Отметим, прежде всего, что экономическая катастрофа, разразившаяся на планете (а мы пока присутствуем лишь при первых толчках), явно не похожа на классические кризисы перепроизводства, описанные еще Марксом; не вписывается она и в знаменитую «теорию волн» Кондратьева. С традиционными показателями состояния экономики – производительностью труда, соотношением спроса и предложения, средней нормой прибыли и т. п. – как будто бы ничего не произошло. Первыми знаками беды стали другие индикаторы – падение котировок акций и обвалы национальных валют – то, что принято называть интегральными показателями состояния экономического организма. Аналогия с организмом представляется очень удобной для понимания первопричины кризиса, особенно для объяснения одной странной вещи: почему все косвенные индикаторы (биржи, финансовые институты, настроения инвесторов) вдруг стали зашкаливать и перегорать как бы сами собой, не столько отражая реальные поломки в системе хозяйствования, сколько опережая и провоцируя их. Сработал эффект «взбесившегося термометра».

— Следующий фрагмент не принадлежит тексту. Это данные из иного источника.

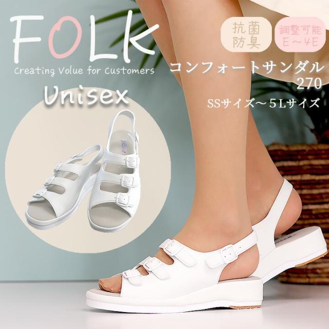 ナースサンダル FOLK コンフォートサンダル 270 男女兼用 メンズ レディース ナースシューズ 白 ピンク ブルー 看護士 看護師 病院 医療 介護 疲れにくい 防臭 抗菌 病院 SS~3L ベルト調整 富士ゴムナース 履きやすい
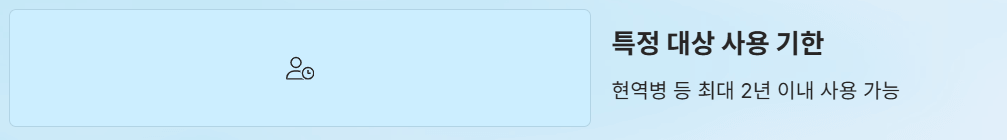 - 현역병 등 특정 대상: 최대 2년 이내 사용 가능
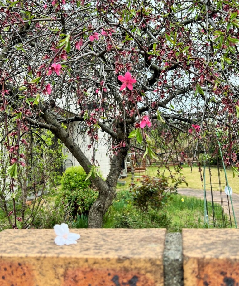 StandardMomo-chan, your flower shape resembles Ms. White. She is a lovely gift from a cherry tree behind a clinic Mei-Shun goes to see Dr. I, her home dermatologist. Allergy between clavicles still prevents her from putting on kimono — meaning kabuki dance lesson. That reminds her of recent news featuring actor 尾上菊五郎, or previous 菊之助 and our master 菊ノ上扇舎.
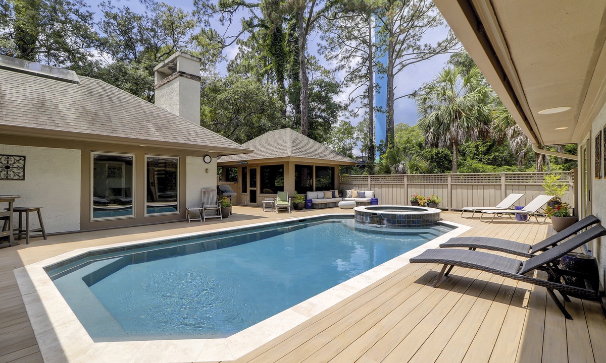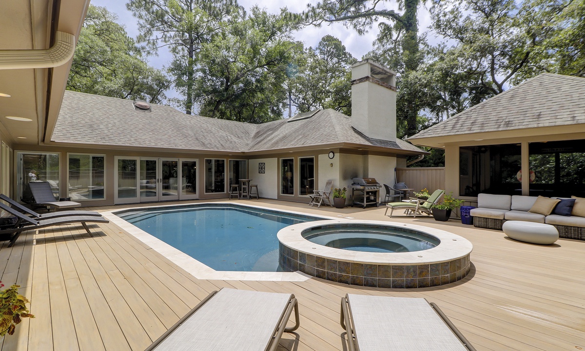 By far best vacation home and rental company we have used in Sea Pines. Home was more beautiful than pictured, and pool and spa were amazing. Behind the home there is a concrete walkway path that leads to a bridge, and in just 3 minutes you are on the beach. And the deer next to the beautiful landscape was extra special to watch. We absolutely loved the area at bottom of steps with shower and storage space for all the beach gear. The home was very clean and well maintained and kitchen was more than equipped with everything we needed for all our meals. Hilton Head Exclusives by Sunset Rentals was wonderful to work with. Louise was always so very helpful and answered all our questions. We even forgot a Kindle in a drawer, and they are returning to us. Can’t say enough about how wonderful our experience was. Thank you to homeowners for sharing your home with our family!!!
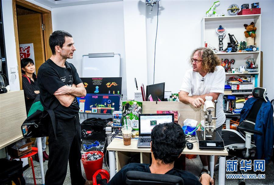 在深圳市福田區(qū)華強(qiáng)北一個(gè)創(chuàng)客孵化器內(nèi),來(lái)自荷蘭阿姆斯特丹的衛(wèi)國(guó)(右一)與來(lái)自不同國(guó)家的創(chuàng)客交流(2018年10月25日攝)。 新華社記者 毛思倩 攝
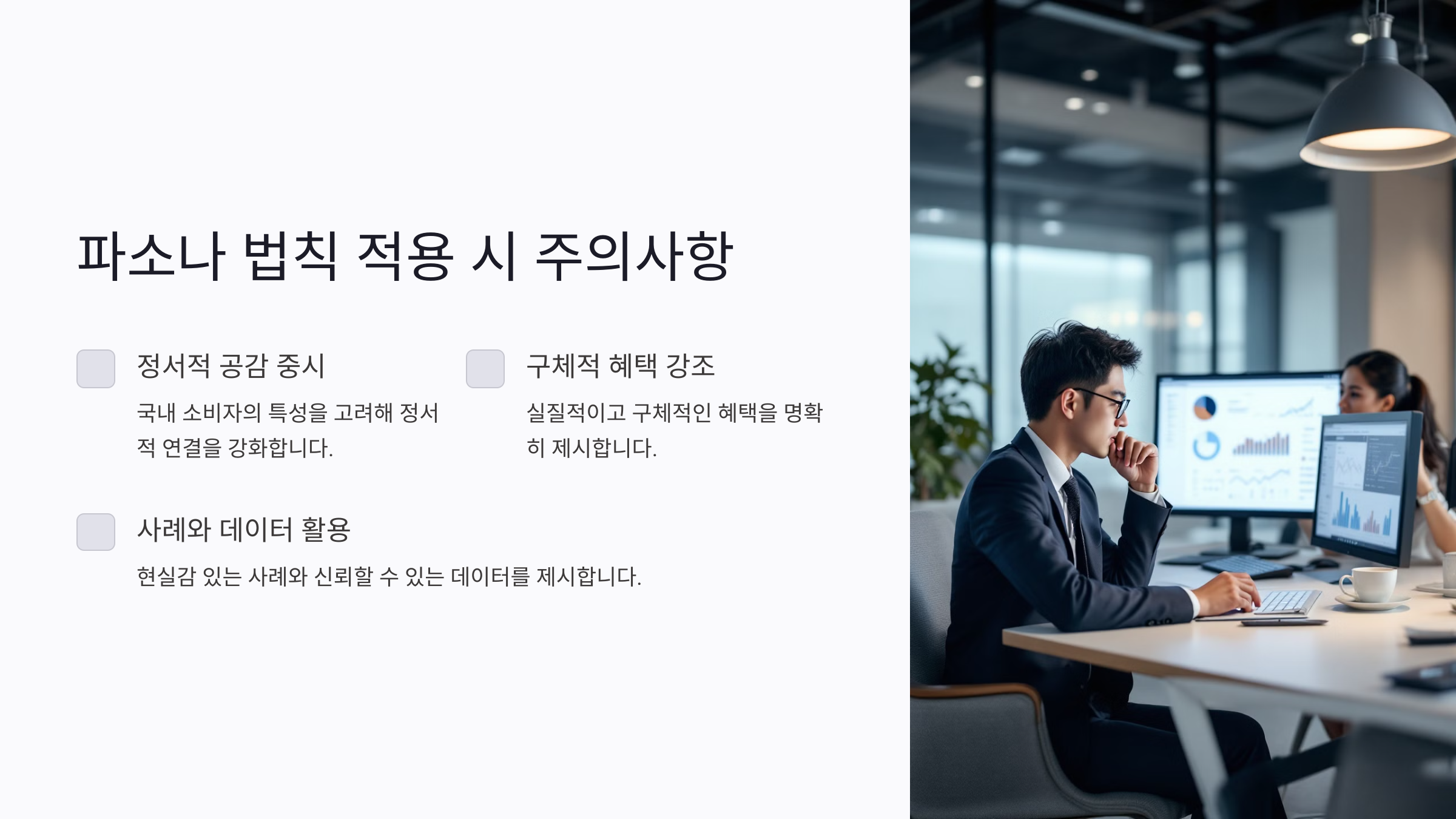 특히 국내 마케팅 환경에서는 소비자가 정서적 연결과 구체적인 혜택을 중시하기 때문에 파소나 법칙이 매우 효과적으로 작용해요. 이를 통해 단순한 정보 전달을 넘어 고객의 행동을 이끌어내고, 실질적인 전환율을 높일 수 있답니다.
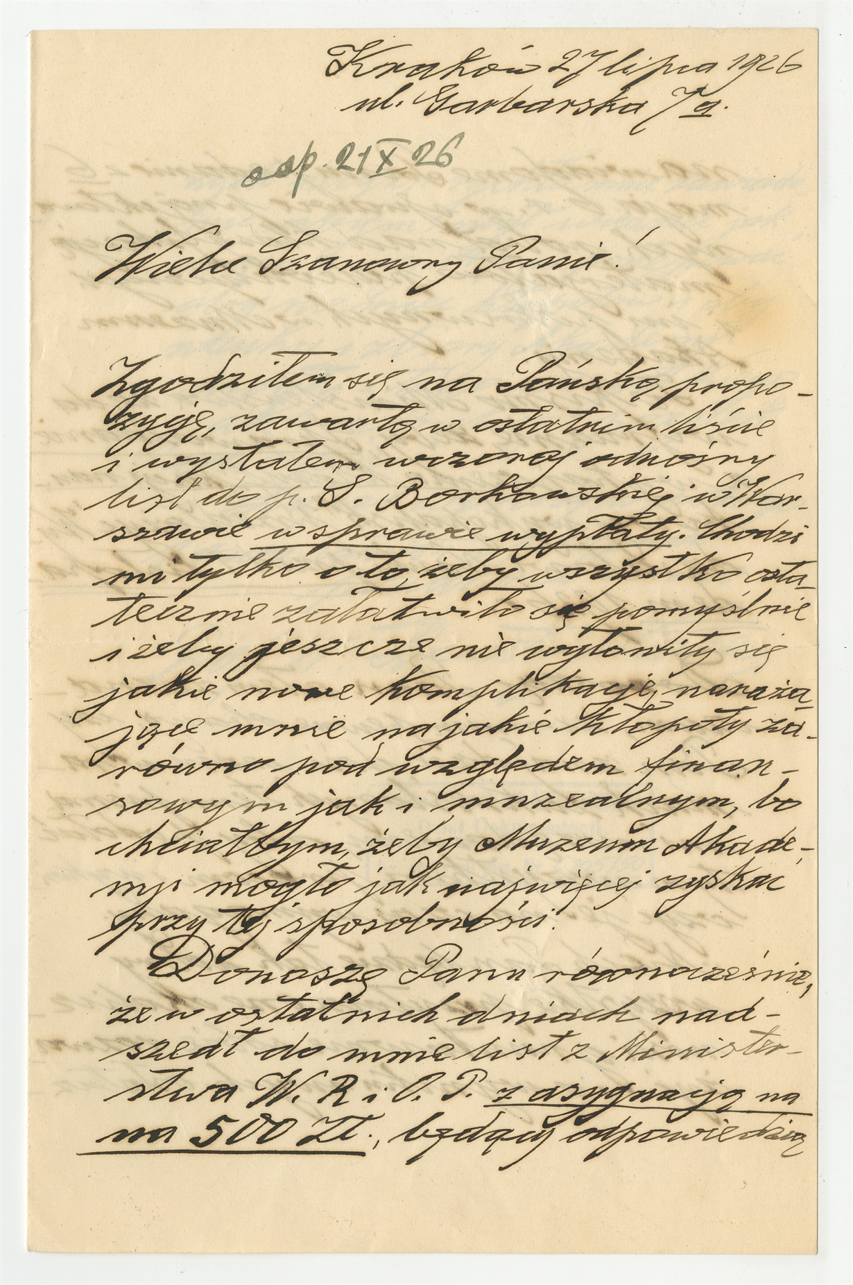 Rękopis - list Włodzimierza Demetrykiewicza do Stefana Krukowskiego z dn. 27 VII 1926 r.
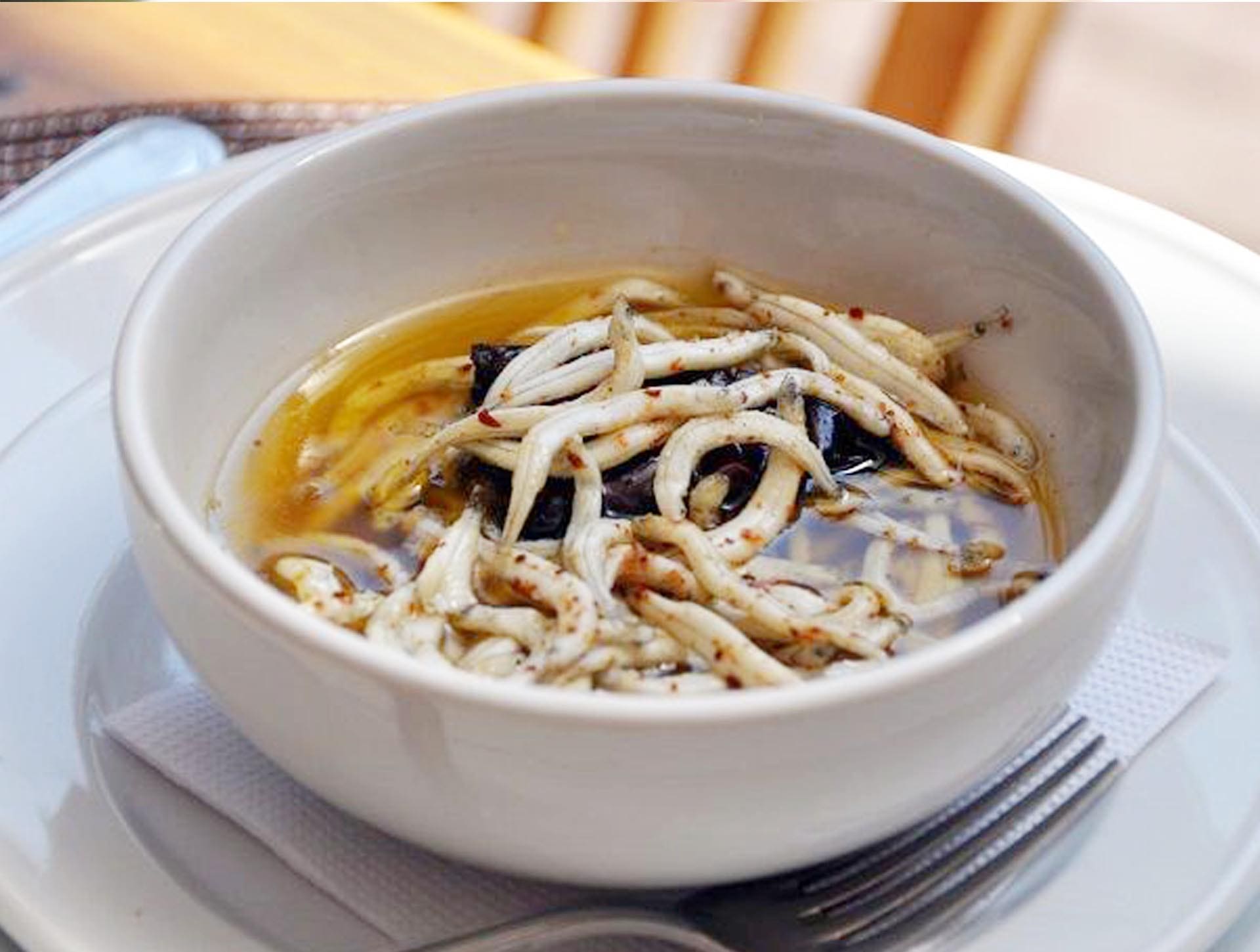 Galaxias maculatus. También conocido como Angulas, Coltrao o whitebait. Pez nativo de Chile de cuerpo anguiloforme carente de escamas, que mide entre 7 a 10 cm. Vive en masas de agua dulce, en estuarios y se alimenta de plancton.

Представим себе медицинское учреждение, где пациенты лечатся и проходят профилактику. Сначала доктора по старинке расспрашивают больных, измеряют давление, прощупывают пульс, берут мочу на анализ. Потом начинают пользоваться рентгеновскими снимками, флюорограммами, томографами: появляются специалисты, которые уже не сталкиваются лицом к лицу с больными, – именно им все чаще доверяют решающее слово при вынесении вердикта о состоянии здоровья. Теперь предположим, что у всех потенциальных пациентов появились датчики – что-то вроде наручных часов, способных считывать информацию о состоянии организма и регулярно передавать ее на центральный пульт. За пультом приглядывают люди, по традиции все еще именующиеся врачами. Они иногда вмешиваются в работу компьютера, но главным образом наблюдают. И вот от избытка досуга кому-то приходит в голову идея создать «сводную картину городского здоровья». Сказано – сделано: показатель готов, и скоро он становится определяющим. Медицинские факультеты учат, как разбираться в базе данных, медицинские светила работают с «индексом самочувствия Великобритании» и т. д. Словом, виртуальная медицина процветает. И тут вдруг обнаруживается какая-нибудь странность. Например, выясняется, что две болезни способны «компенсировать» друг друга, и при этом датчик выдает информацию «пациент здоров». Одновременно возникают и другие паразитарные искажения. Сразу же начинается неизбежная паника, все говорят о мировом медицинском кризисе. Население избавляется от датчиков, а заодно и от врачей, знакомых с «картиной болезни» только по дисплеям. Из чуланов срочно достают запыленные стетоскопы – да уж не найти тех, кто умел ими пользоваться...
Если мы теперь заменим медицину экономикой, то получим точный диагноз современного экономического кризиса, кризиса репрезентации, обессмысливания датчиков, реагирующих на производные пятого-шестого порядка. Разумеется, «странность», обнаружившаяся в экономике, является лишь частным проявлением общего наваждения – характер проблем всюду один и тот же.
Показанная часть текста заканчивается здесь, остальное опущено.